In monologues, Biehn reads the unsettling letters he sends Bacall. Each is manic, loaded with fantasy. Biehn imagines life together – and yet never so much as spoke to the woman. A year before The Fan, John Lennon was murdered, an apex of celebrity mania that made this film feel exploitative in its time.

Now, The Fan feels different. It’s of the past certainly, that filthy New York laced with graffiti while underground, subways rush past isolated, dimly lit stations. Nowhere appears safe. But Biehn isn’t so much a celebrity-focused sociopath as a loner beyond help.

Instead of examining that mental and emotional fragmentation, The Fan turns to slasher norms

His sister tries to reach him; he shuts the door on her face. He turns to an empty table in which he pretends to share with Bacall. Terrifying stuff at a time when sexually repressed loners take up weapons and blame women for the lack of affection. Those letters today sound like a enraged online manifesto.

Instead of examining that mental and emotional fragmentation, The Fan turns to slasher norms. Biehn grabs a straight razor and begins hacking up Bacall’s friends with a small splash of gore – nothing excessive considering the genre’s typical gruesomeness. Moderate tension before a kill at least cuts away from the soapy dialog elsewhere.

And for Bacall, she’s well above material of this stature. Before the finale, she takes the stage for a musical performance, singing a truly grotesque song titled, “Hearts, Not Diamonds.” Turns out, Bacall was a masterful actress, but out of place in a musical number. By that point, The Fan already dragged its way through tepid scene setting and TV-like edits, further lessening the attraction to this meandering thriller.

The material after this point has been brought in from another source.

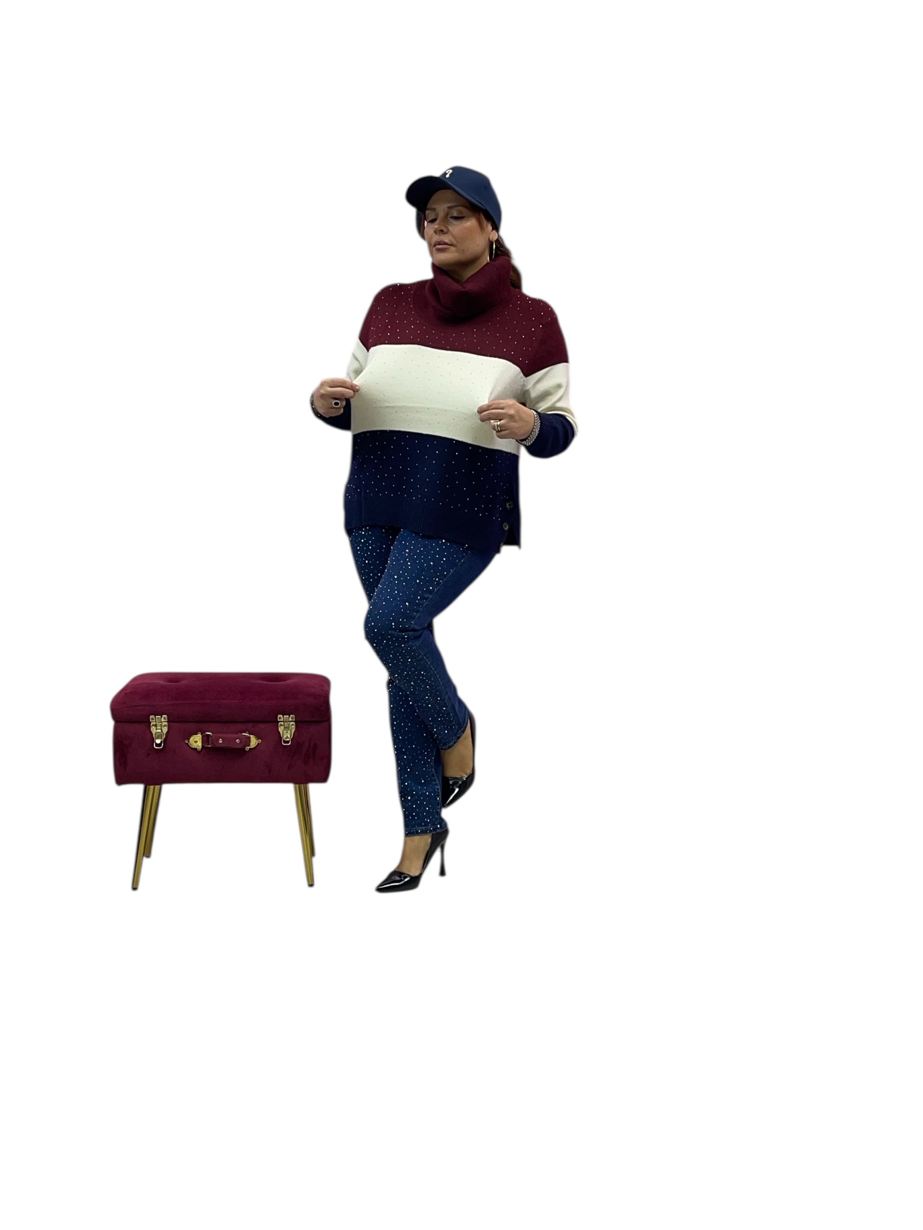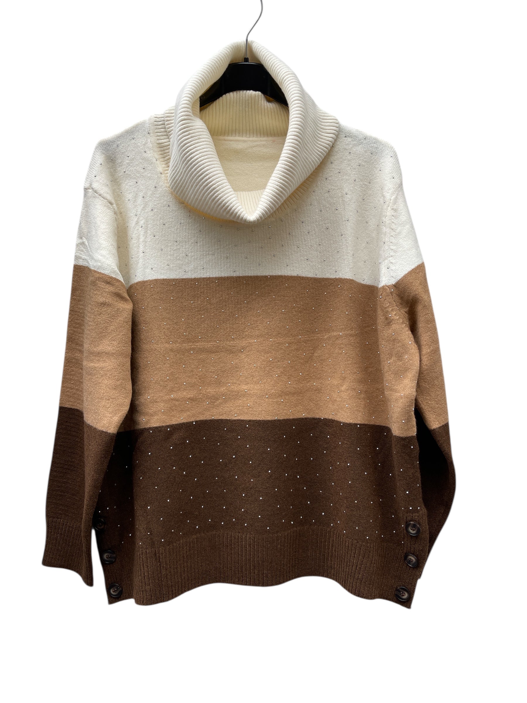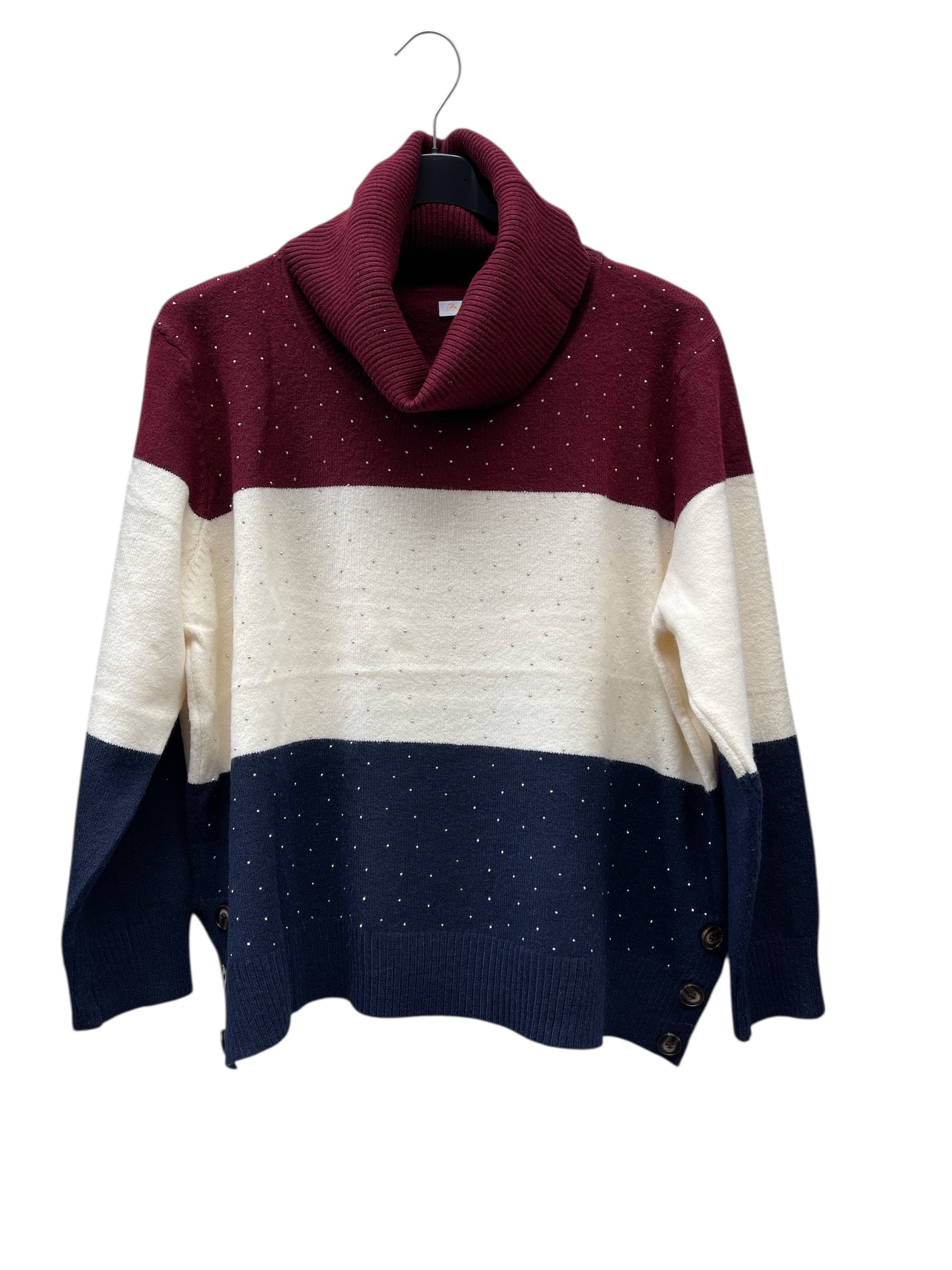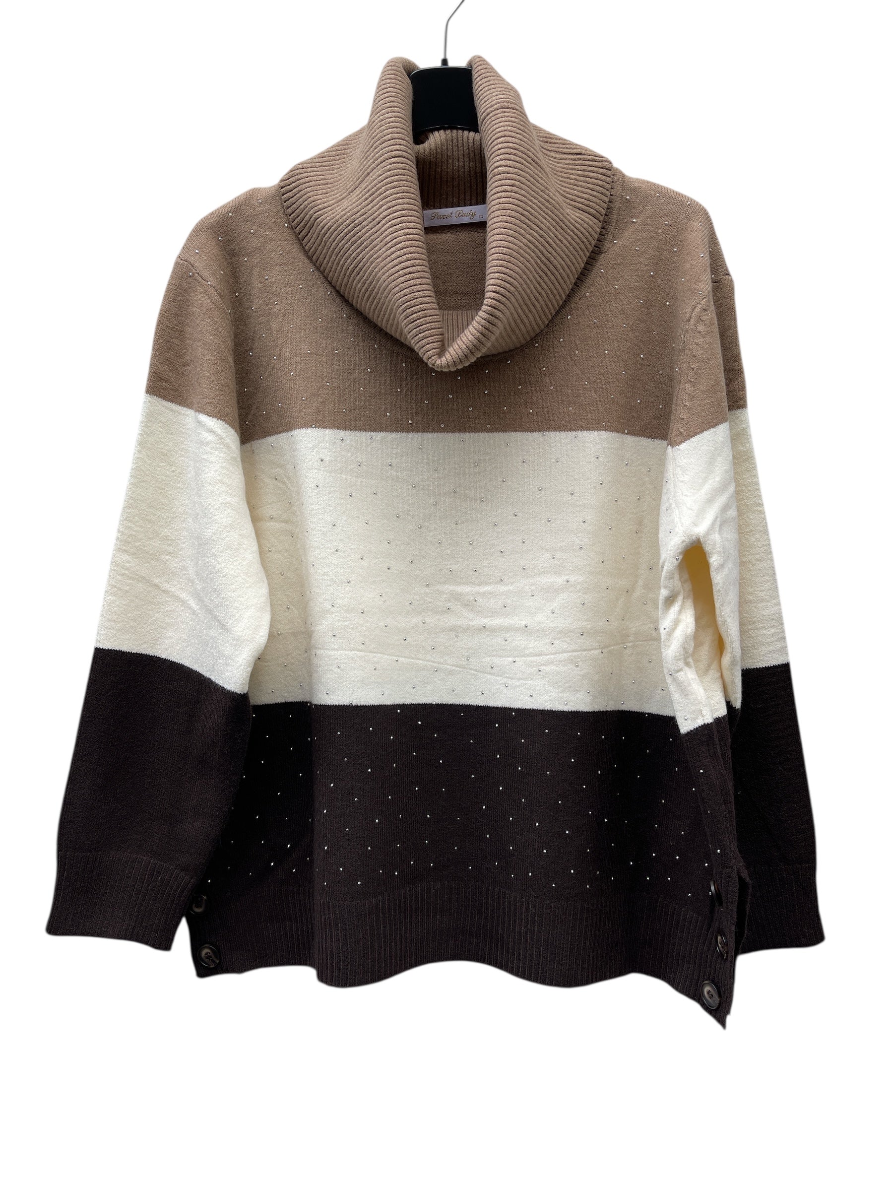 Maglia over collo alto fasciato colorato con brillantini avanti e bottoni allo spacchetto
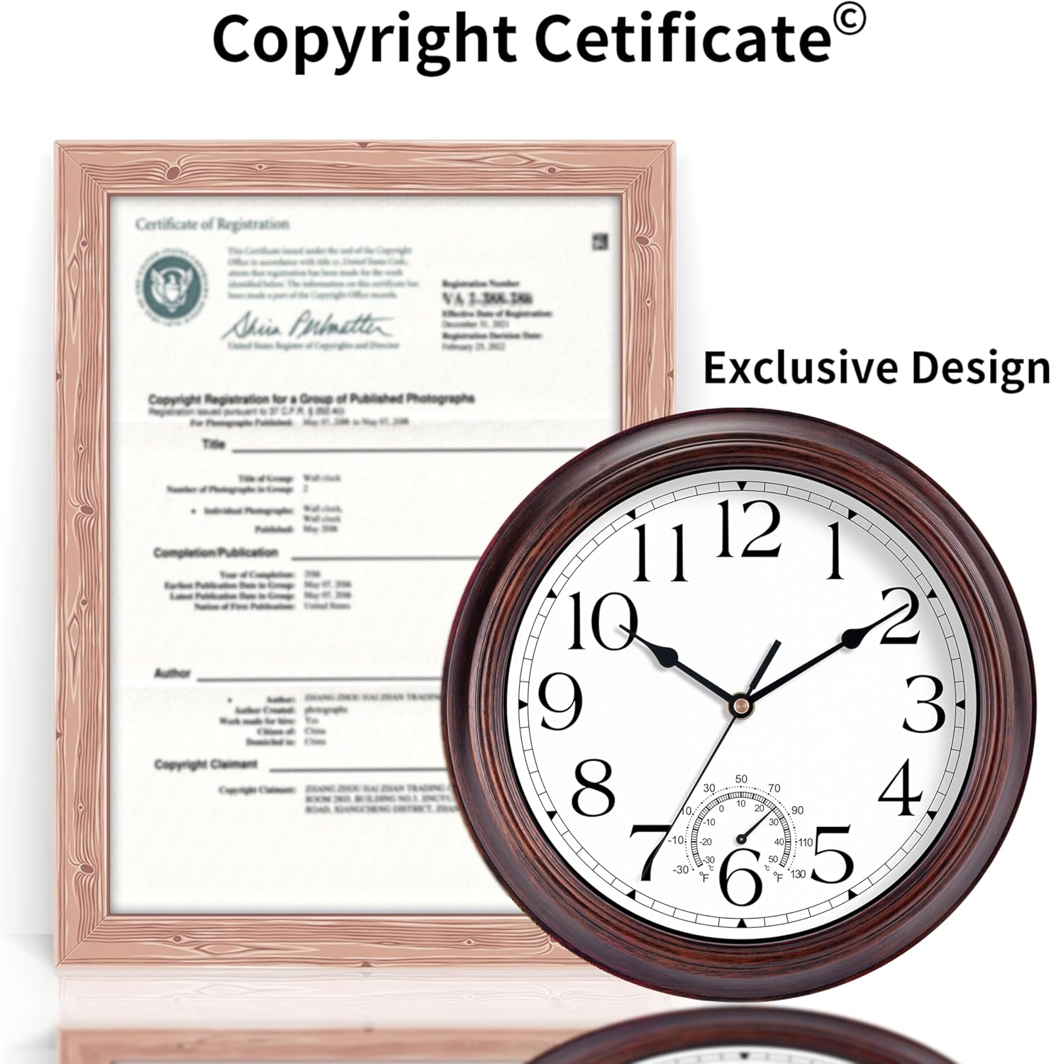 12 Inch Outdoor Wall Clock with Thermometers, Vintage Silent Wall Clocks Battery Operated, Retro Non-Ticking Clock Decorative for Living Room, Patio, Kitchen, Office, Bathroom, Bedroom(Bronze)

Through most of The Fan, Bacall’s age weighs on her character. An early scene takes place on her character’s birthday; she’s 50 (really 56 at the time). In fighting Biehn during the finale, it’s as if Bacall wrestles her own age more than a crazed stalker. Interesting, but that doesn’t make The Fan any more tolerable though. After The Fan, Bacall took a nine-year break from acting, so worries that age will take her career almost came to be. Thankfully, that wasn’t the case.


Heavy grain is integral to the image, challenging Scream/Shout Factory’s encode. Generally, compression makes due, holding up to preserve a film-esque aesthetic. Of greater concern is the scan, older and rough without appreciable resolution. A few fake-outs in close (with firm facial definition) play tricks as the rest struggles to find reasonable sharpness.

A few bits of dust aside, print condition is worthy of a new release. So too is color, rich in primary highlights. The stage show brings out elaborate costumes and even before, causal wear pulls vivid saturation.

Black levels typically lack firmness. That allows heavy grain to reach the shadows, further dirtying up the appearance (as ‘80s film stocks tend to do). Contrast proves perky however, enough to offset and find a satisfying sense of depth.


Longtime composer Pino Donaggio crafts a violin-driven score that’s perfect for The Fan. In DTS-HD mono, there’s enough room to give the music range, rich in highs and strong lows. For a mono track, it’s especially bold.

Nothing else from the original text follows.